Он толкнул плечом соседа.
— Слышь, брат, Каганович на месте?
— Ха! А где ему быть? Второй день квасит у себя в углу. При мне ещё не выползал.
— Лады.
Максимов пошёл, осторожно перебираясь через разный хлам и спящих вповалку, в дальний конец убежища. Там на разбитых нарах он и нашёл Кагановича.
С юмором у «вольных» был полный порядок. Кто и когда окрестил старого деда, с комсомольской юности и до подкошенных ревматизмом ног оттрубившим в казематах метро, Кагановичем, не известно, но кличка прилипла.
Любил дед, приняв стакан, тысяча первый раз пуститься в воспоминания о самом светлом дне в своей жизни, когда его, жилистого деревенского паренька, одного из тысяч ему подобных, как муравьи, снующих в подземных лабиринтах, вытащили на свет божий и поставили перед светлые очи самого Всероссийского прораба — Лазаря Кагановича. Действительно ли небожитель снизошёл до чумазого смертного и пожал его трудовую пятерню, или врал старик, но историю эту знал наизусть любой, проведший в бомжатнике больше двух дней.
— Каганович, вставай, дело есть.
Максимов присел рядом на нары.
Старик громко икнул, дёрнув острым кадыком, кожа на шее была дряблой и пупырчатой, как у ощипанного сдохшего с голодухи цыплёнка, и открыл один мутный глаз. Максимов дунул, разгоняя тяжкий сивушный дух. Дед явно сознательно уходил в многодневный запой, экономить на пойле начал с первого дня.
— Давай, гегемон, просыпайся. Дело у меня к тебе.
— А это ты, волчара. — Дед открыл второй глаз и с трудом оторвал голову от серой слежавшейся подушки. — По делу или выпить принёс?
— По делу, но на опохмел налью.
— Столкуемся! — сказал дед, удобнее устраиваясь на нарах.
Лучше него никто из известных Максимову людей не знал все ходы-выходы в подземном лабиринте. Дед подрабатывал, проводя в Домен и обратно. Лишних вопросов не задавал. Надо человеку, заплатил, пусть прёт хоть чёрту на рога. Наше дело дорогу показать.
Максимов достал из кармана только что купленную в баре чекушку водки. Баром здесь называли нишу в стене. Пустые ящики, выстроенные в низкую баррикаду, имитировали барную стойку. Баром заведовала Гафира, пышногрудая реклама нездорового образа жизни. Впрочем, баба добрая и отзывчивая. В долг верила, не скупясь, назначала цену за краденное и не зажимала сдачу с баксов и рублей. А что водка валила с ног, как Моххамед Али, пахла набальзамированным покойником и драла горло, как горячий скипидар, так бизнес, он того — прежде всего.

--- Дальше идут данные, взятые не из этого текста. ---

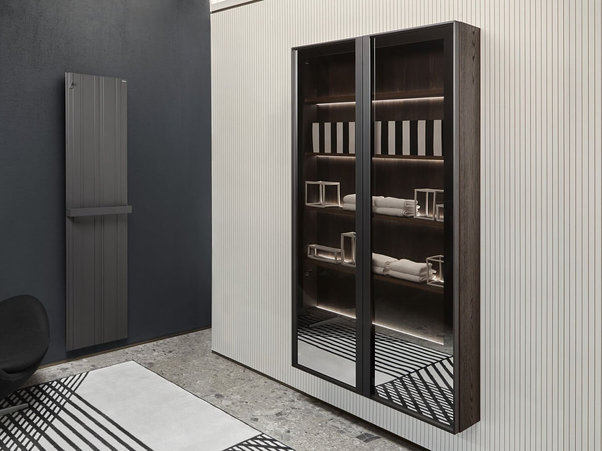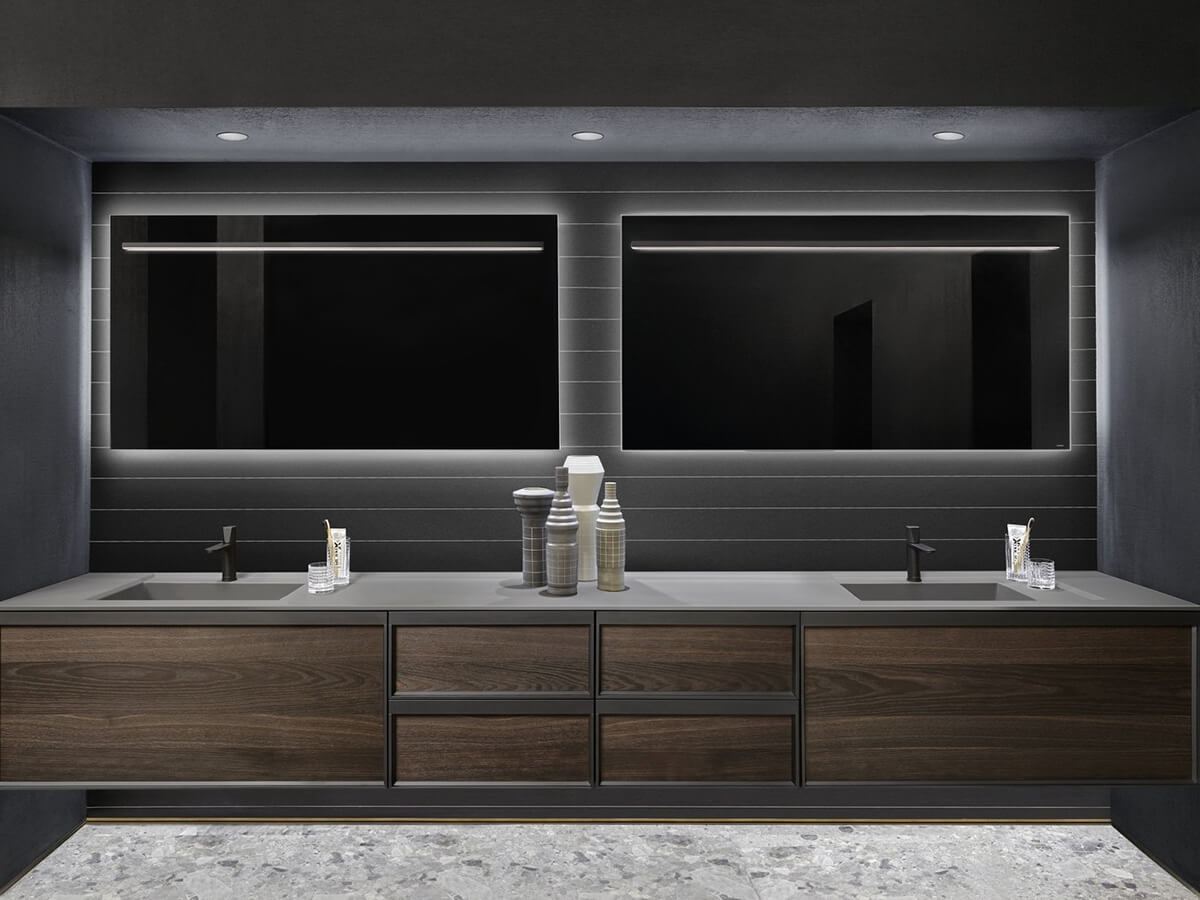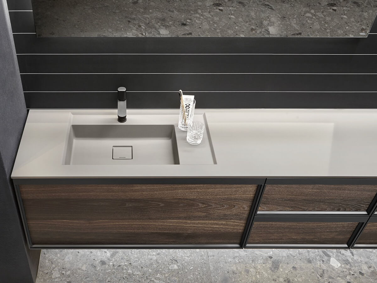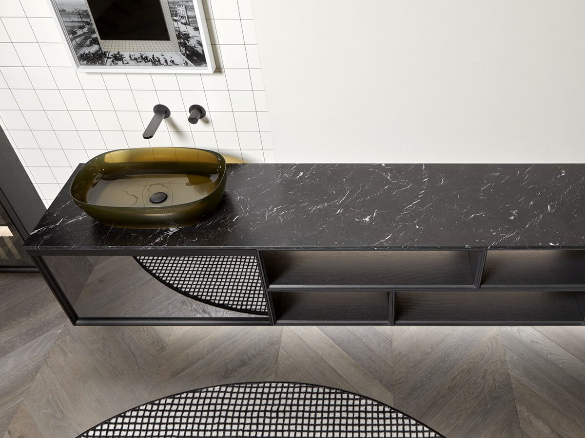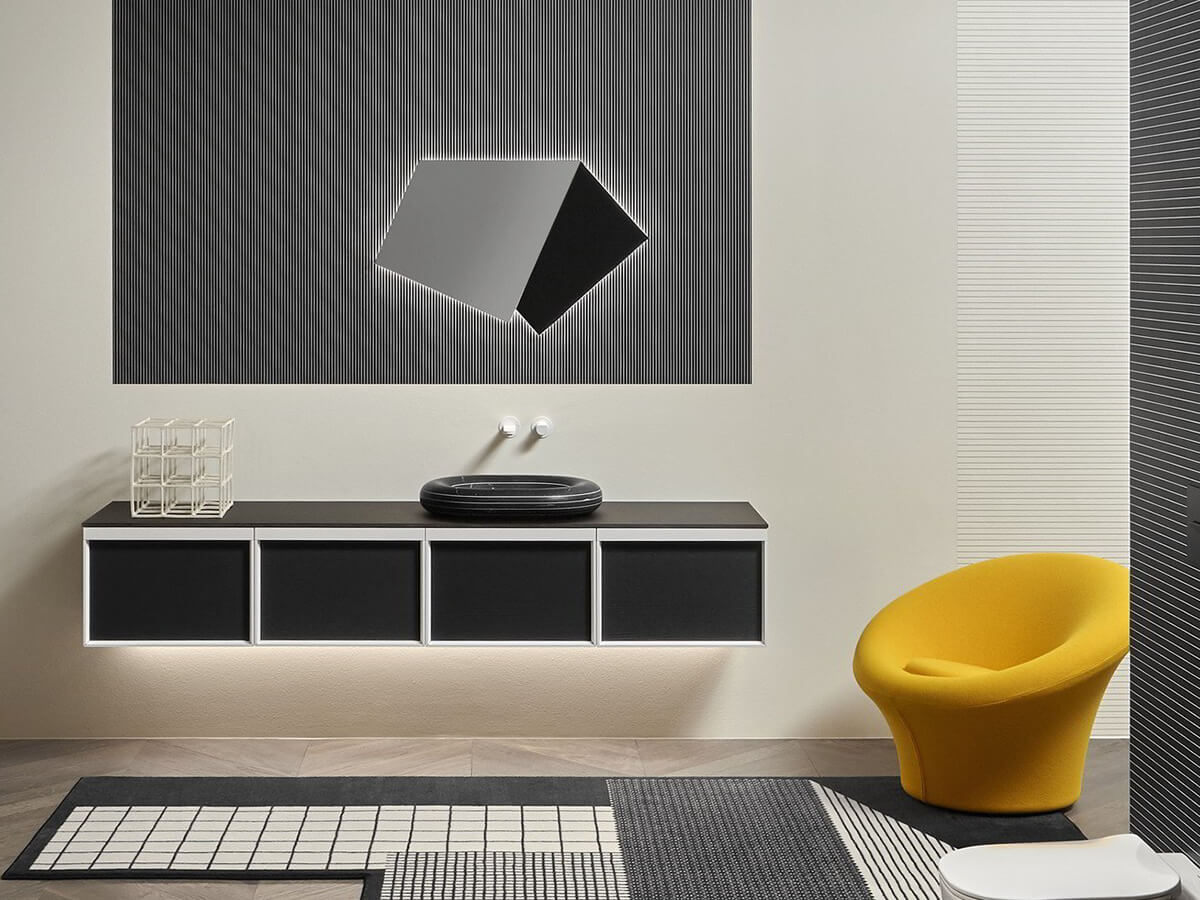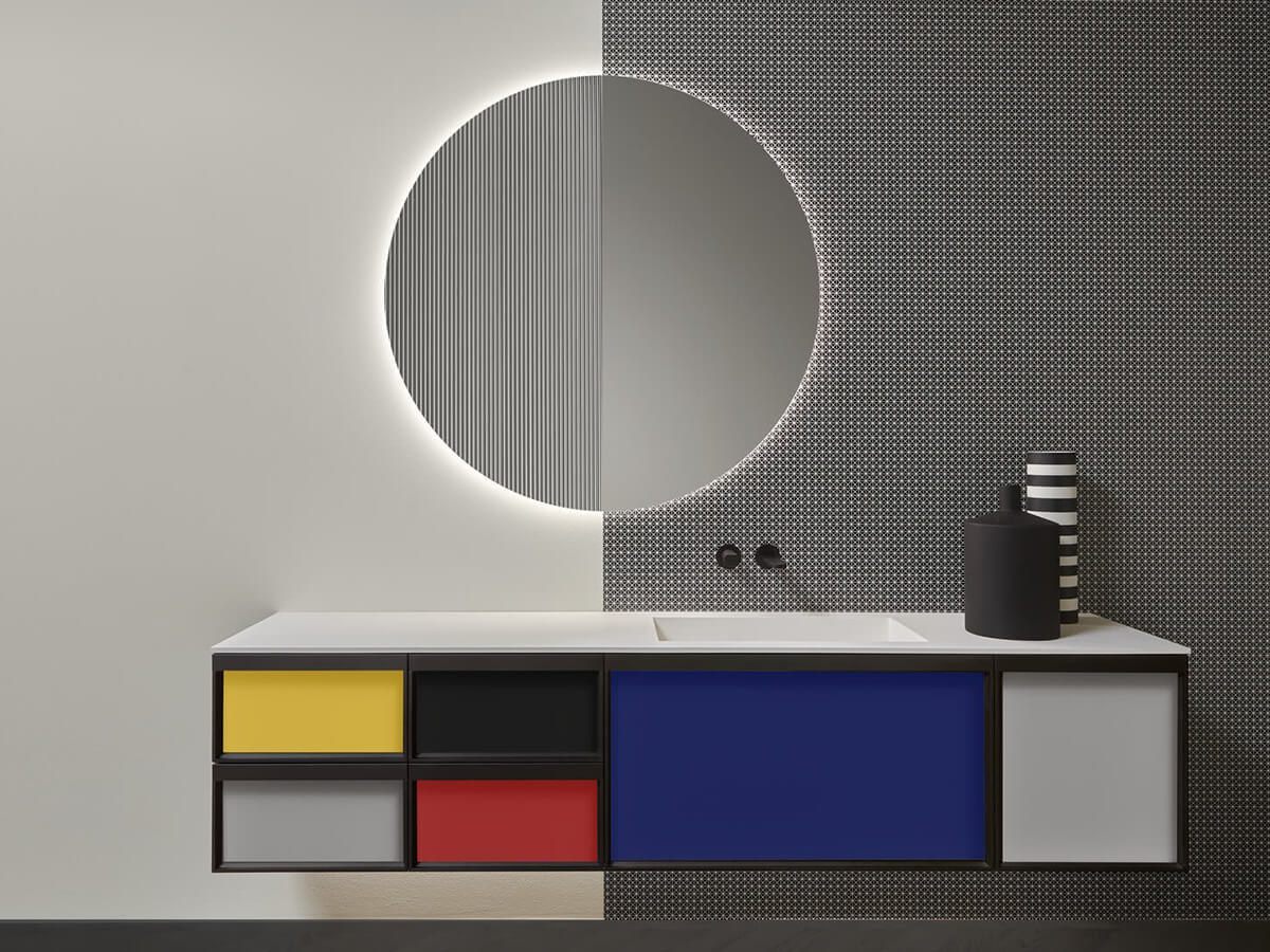 La serie di mobili bagno Bemade è una delle collezioni più complesse e raffinate proposte dal brand. Il rigore delle forme, il forte segno grafico delle cornici e la grande varietà dei materiali danno vita con Bemade a una vera e propria “architettura domestica”, capace di valorizzare un ambiente di uso quotidiano quale il bagno come pochi arredi prima d’ora. Sua caratteristica chiave è un’attenzione all’equilibrio e alle proporzioni di stampo quasi Rinascimentale (non per niente Antoniolupi getta le sue radici nel cuore della Toscana, a pochi chilometri da Firenze), che trova massima espressione nell’equilibrata cornice aggettante dei frontali. Le ante possono essere realizzate in una grande varietà di materiali, dai vetri di ogni tipo alle essenze più pregiate, e possono essere intervallate anche da pratici vani a giorno.

Каганович одним глотком ополовинил бутылочку. Крякнул. Сразу повеселел. С благодарностью принял квёлую от сырости сигарету.
— Сколько людей? — приступил он к привычной процедуре.
— Один.
Дед намётанным глазом скользнул по Максимову. Пыхнул сигареткой.
— Сколько денег пришлёшь?
— Сколько скажешь.
— А сколько не жалко? — хитро ощерился Каганович, выставив редкие зубы.

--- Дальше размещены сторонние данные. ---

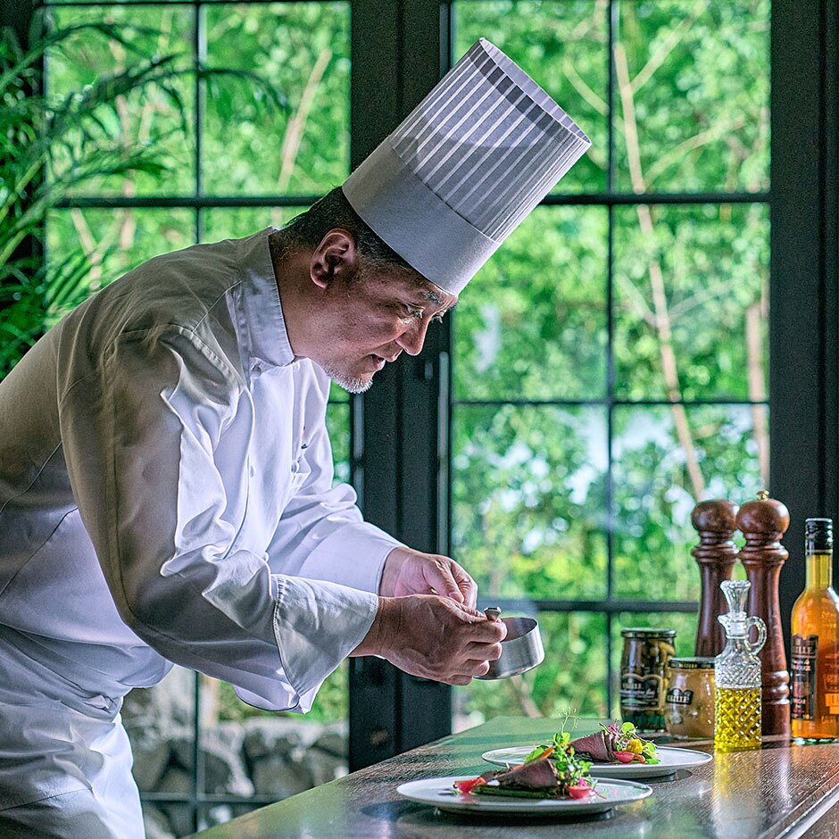 【オリエンタル】緑豊かなガーデンテラスとできたてのお料理が並ぶオープンキッチンが魅力。自然光があふれる開放的な空間且つ、換気も目で見えるので皆様と安心安全にお食事をお楽しみください
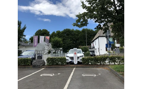 Die Stromtankstelle befindet sich auf dem Gelände des Hotel Jagdhaus Wiese nahe des Haupteingangs.
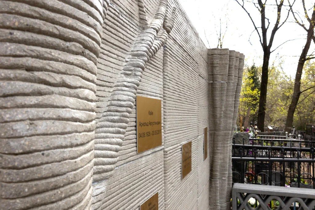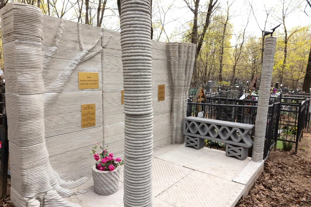 На столичном Ваганьковском кладбище установлен первый в мире, как утверждают его создатели, надгробный памятник, напечатанный на 3D-принтере. Он имеет габариты 2 х 3 х 1,8 м и весит 2 тонны. Стоимость проекта составила 300 000 рублей. Автором памятника выступил Александр Жданов, который решил установить его на могиле своего дедушки, Кайе Арнольда Августовича. Памятник представляет собой сцену с занавесом и специальной подсветкой, которая освещает памятник в тёмное время суток. Прожекторы питаются от солнечных батарей. Мой дедушка – Кайе Арнольд Августович – заслуженный деятель культуры Советского Союза, ведущий художник по свету, посвятивший более 50 лет драматическому театру им. Станиславского. Дружил и работал с Евгением Леоновым, Михаилом Яншиным, Лилией Гриценко. Этот памятник передает его характер, смелость и творческий путь.Александр Жданов От рождения идеи до установки памятника прошло полгода, но срок изготовления занял около месяца. Реализовала задуманное команда 3D4Art. Памят

— Кровь не пей! — отрезал Максимов. — Не Чубайс тарифы поднимать. Я таксу знаю, ты знаешь. Что зря словами бряцать.
Дед опять оценивающе посмотрел на него.
— Вижу, прямо сейчас решил, угадал? Приспичило, значит. Вроде и не из братвы, это у них вечно шило в жопе. Человек, видно, серьёзный. Вот ежели… Хотя… — Он резко оборвал себя, поймав взгляд Максимова. — Фиг с тобой, паря. Твои дела, твои бабки. Не для того я метро копал, чтобы простой народ в него по пропускам с ментовскими печатями пускали.
— Лучше не скажешь, дед!
В метро действительно можно было попасть по вечно дорожавшей карточке, но у пассажира могли в любой момент потребовать удостоверение личности. На всех станциях шарились осатаневшие от грохота и духоты патрули, при первом подозрении, заламывали руки любому. Шла вечная борьба с терроризмом. На поверхность на радиальных ветках выходили без особых проблем. Но на выходе станций Домене требовалось предъявить специальный «домушный» пропуск. С фото, печатями, подписями и набором малопонятных штампиков.

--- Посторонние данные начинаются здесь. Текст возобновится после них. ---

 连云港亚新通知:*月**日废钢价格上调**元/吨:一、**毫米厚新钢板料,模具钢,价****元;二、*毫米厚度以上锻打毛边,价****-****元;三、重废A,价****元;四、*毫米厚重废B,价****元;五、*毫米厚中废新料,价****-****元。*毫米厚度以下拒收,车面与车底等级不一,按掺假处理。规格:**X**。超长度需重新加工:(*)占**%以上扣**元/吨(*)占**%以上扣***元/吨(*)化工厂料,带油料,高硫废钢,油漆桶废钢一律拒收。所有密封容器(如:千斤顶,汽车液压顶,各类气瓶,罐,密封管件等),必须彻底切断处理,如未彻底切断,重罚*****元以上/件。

— Двадцать уев. Не ограблю? — с надеждой в голосе сказал дед. — Тут такое дело…
— Понимаю, инфляция.
«Юрка вчера ушёл в Домен за пятнадцать уев».
Максимов вывернул карманы. Большую часть утренней добычи отдал Маринке, но что за мужик без заначки? Протянул деду линялые зеленоватые бумажки. Они тут же исчезли в складках засаленной куртки.
— Порядок?
— Как говорил товарищ Каганович, вперёд — к победе коммунизма! — Дед имел привычку приписывать абсолютно все высказывания бывших и нынешних вождей только своему великому крестнику.
Он вальяжно растянулся на нарах.
— Вот только не пойду я, паря. Ты уж извини.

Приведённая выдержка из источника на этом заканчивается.